◆ Assigned task
Return the full listing character for character, without its pictures.

◆ Collected data
========================================================================

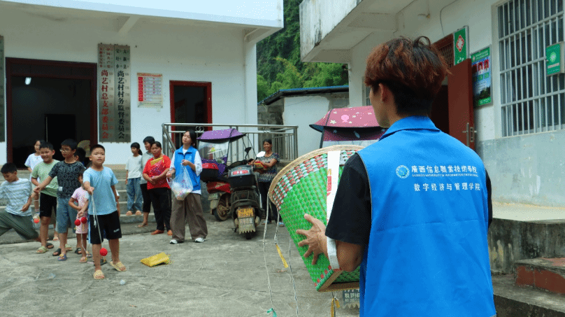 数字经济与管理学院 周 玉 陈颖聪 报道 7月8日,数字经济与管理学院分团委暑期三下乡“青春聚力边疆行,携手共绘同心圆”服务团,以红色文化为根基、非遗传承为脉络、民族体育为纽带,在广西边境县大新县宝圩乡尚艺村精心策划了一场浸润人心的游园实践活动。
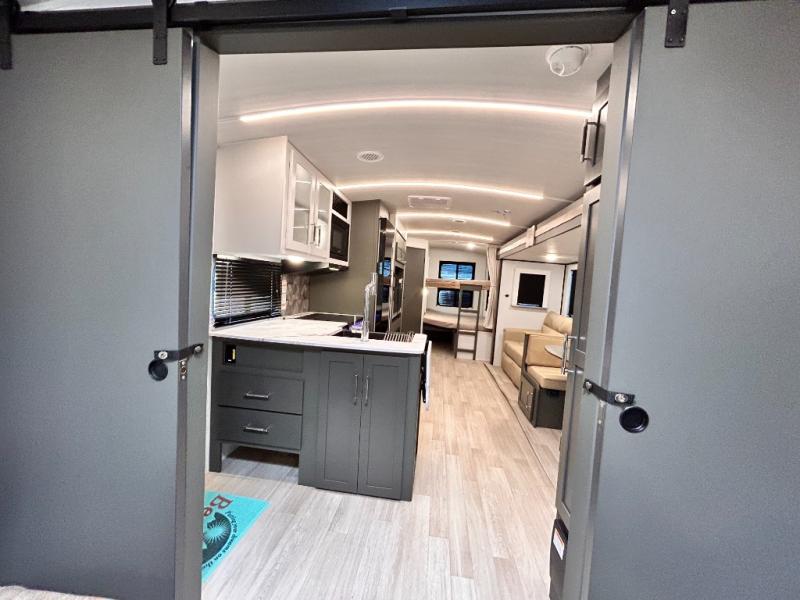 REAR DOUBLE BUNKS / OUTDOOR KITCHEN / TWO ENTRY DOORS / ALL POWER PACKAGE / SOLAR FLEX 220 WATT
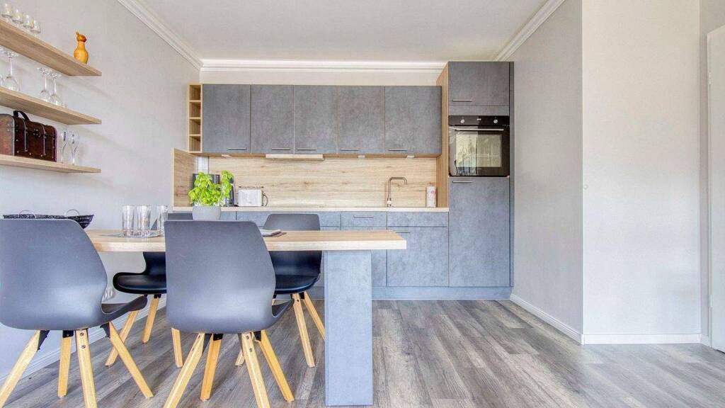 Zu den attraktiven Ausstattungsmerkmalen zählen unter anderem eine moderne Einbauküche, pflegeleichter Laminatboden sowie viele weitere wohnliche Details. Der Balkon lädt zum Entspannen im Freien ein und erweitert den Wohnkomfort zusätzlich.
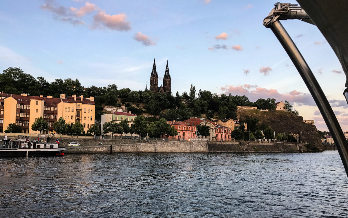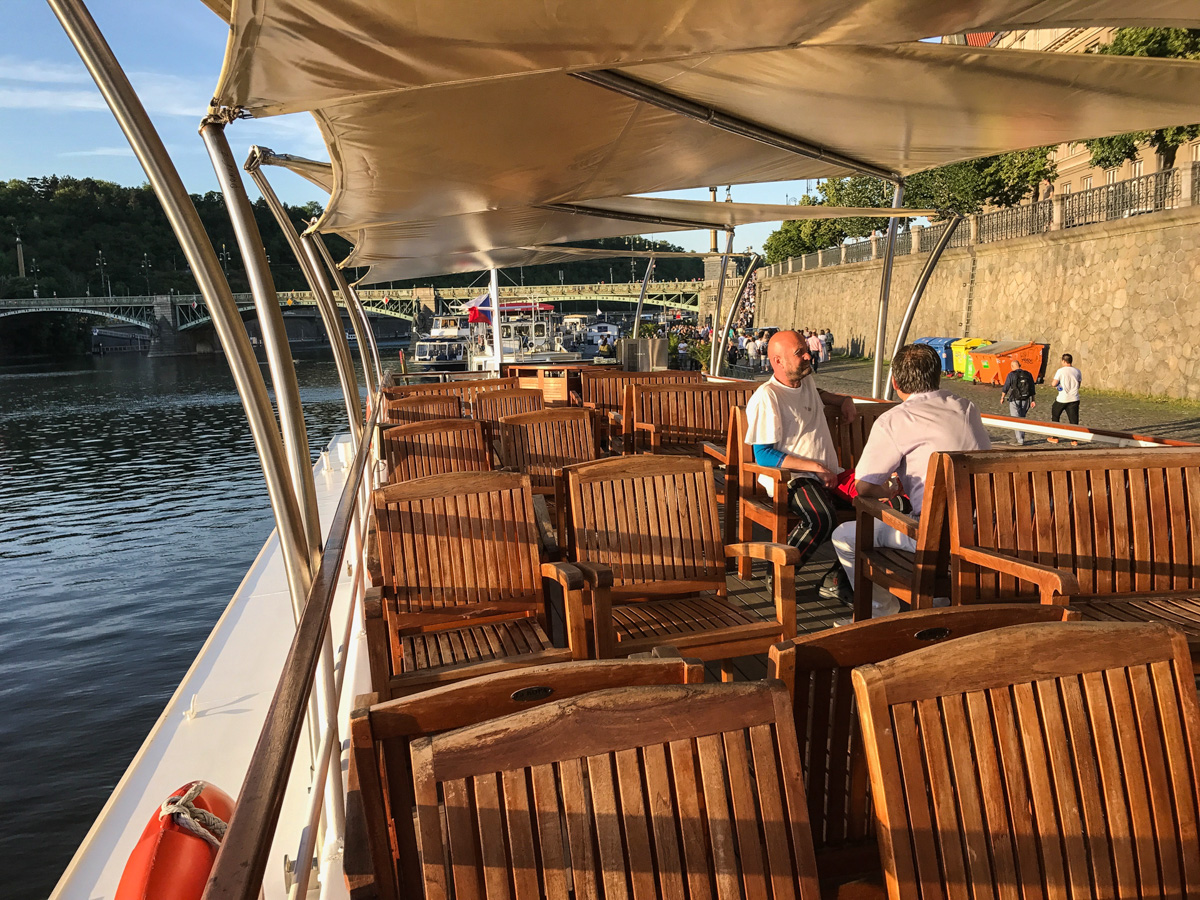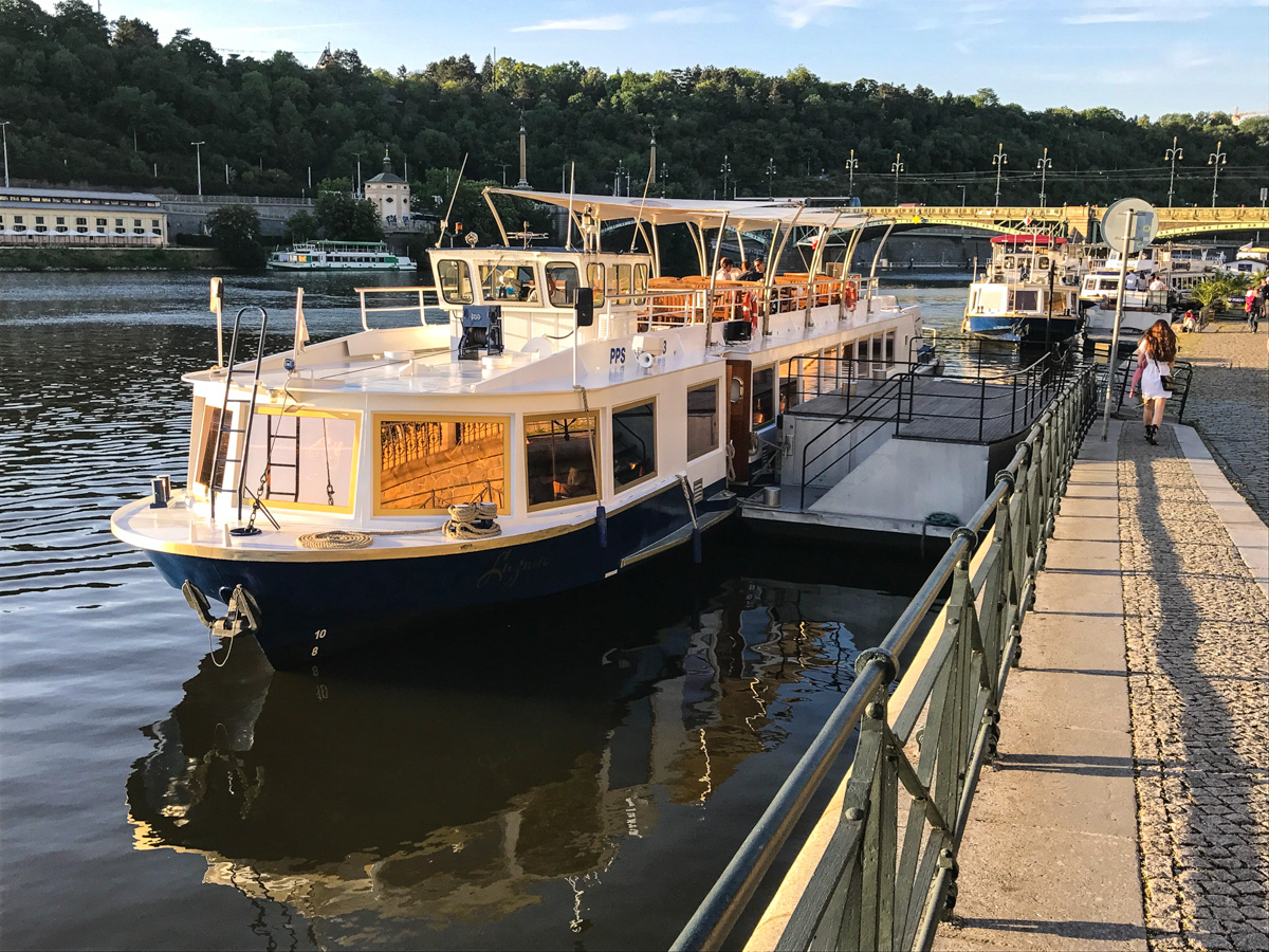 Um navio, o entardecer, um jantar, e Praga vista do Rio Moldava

========================================================================

◆ Exercise result
 数字经济与管理学院 周 玉 陈颖聪 报道 7月8日,数字经济与管理学院分团委暑期三下乡“青春聚力边疆行,携手共绘同心圆”服务团,以红色文化为根基、非遗传承为脉络、民族体育为纽带,在广西边境县大新县宝圩乡尚艺村精心策划了一场浸润人心的游园实践活动。
 REAR DOUBLE BUNKS / OUTDOOR KITCHEN / TWO ENTRY DOORS / ALL POWER PACKAGE / SOLAR FLEX 220 WATT
 Zu den attraktiven Ausstattungsmerkmalen zählen unter anderem eine moderne Einbauküche, pflegeleichter Laminatboden sowie viele weitere wohnliche Details. Der Balkon lädt zum Entspannen im Freien ein und erweitert den Wohnkomfort zusätzlich.
 Um navio, o entardecer, um jantar, e Praga vista do Rio Moldava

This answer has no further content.